Старые мои наставники решили проигнорировать дорогу и прямо от деревни идти с охотой. Мы рассредоточились на поле с интервалом в пятьдесят шагов. Я шёл левым краем, Женька - правым, Евгений - центром. Вскоре нам предстояло углубиться в кустарник, где, по мнению стариков, непременно должны были ночевать тетерева. То, что они были правы, нам доказал Иркут. Первым вбежав в заросли, он поднял на крыло «черныша», который ушёл лесом в Женькину сторону. Я стал неистово жестикулировать ему, что добыча над ним, но он меня не понял. Зато я так сильно размахивал руками, что из-под меня стартовала какая-то птица. Я автоматически вскинул ружьё и выстрелил. И только когда она уже падала, я рассмотрел её серо-коричневый окрас. Вопреки желанию Женьки, я опять застрелил тетёрку.

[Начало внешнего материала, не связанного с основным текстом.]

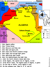 Algeria: Follow the Instructions Color Algeria according to simple directions, such as, "Circle Algiers, the capital city of Algeria, in red." Or go to the answers. |

Но думать было некогда, ибо Иркут, развернувшись на выстрел, уже мчался к моей добыче, и резкий окрик хозяина был для него пустым звуком. Женя говорил мне, что если сбил дичь, то важно успеть быстрее «бандерлога» (он так называл Иркута), а то останешься без мяса. Конечно, кобель кинулся на птицу раньше меня, и мне пришлось ждать подхода хозяина. Евгений отдал мне потрёпанную тетерю, шея которой была оголена, а из распоротого зоба сыпалась мелко нарубленная трава.
Хорошо, стреляешь, молодец, - польстил мне охотник, и я искренне обрадовался этой похвале.
Дальнейший чёс кустов результатов не дал, и мы сошлись вместе у начала тропы на озеро. Женька не стал ругаться, увидев мою добычу, а только покачал головой.
-  Смотри в кого стреляешь. Тетерев - чёрный, как валенок, его ни с кем не перепутаешь.
- Трудно, - ответил я
- Что, трудно?
-  Трудно подавить рефлекс мгновенного выстрела. Как на стенде, там ведь любая цель - очко.
- А ты был на стенде? - вмешался в разговор Евгений.
- Был, а что? - соврал я и тут же устыдился.
- Ничего. Это помогает.
-  Помогать-то помогает, - усмехнулся Женя, - только стенодвики   эти долбят всё, что шевелится. А ты, Лёха, охотник, сдержи себя на миг, рассмотри, определи, а потом стреляй. Нельзя стрелять на шорох и звук - это дело дурное.
- Ладно, - отмахнулся я, - обещаю, что попробую.
За разговором мы не заметили, что Иркут куда-то пропал, и только когда он начал визгливо брехать где-то впереди, Евгений поднял кверху палец, а Женька пихнул меня в бок:
-   Чё,  застыл?  Слышишь,  собака работает?  А-ну давай  бегом,  ты  самый молодой.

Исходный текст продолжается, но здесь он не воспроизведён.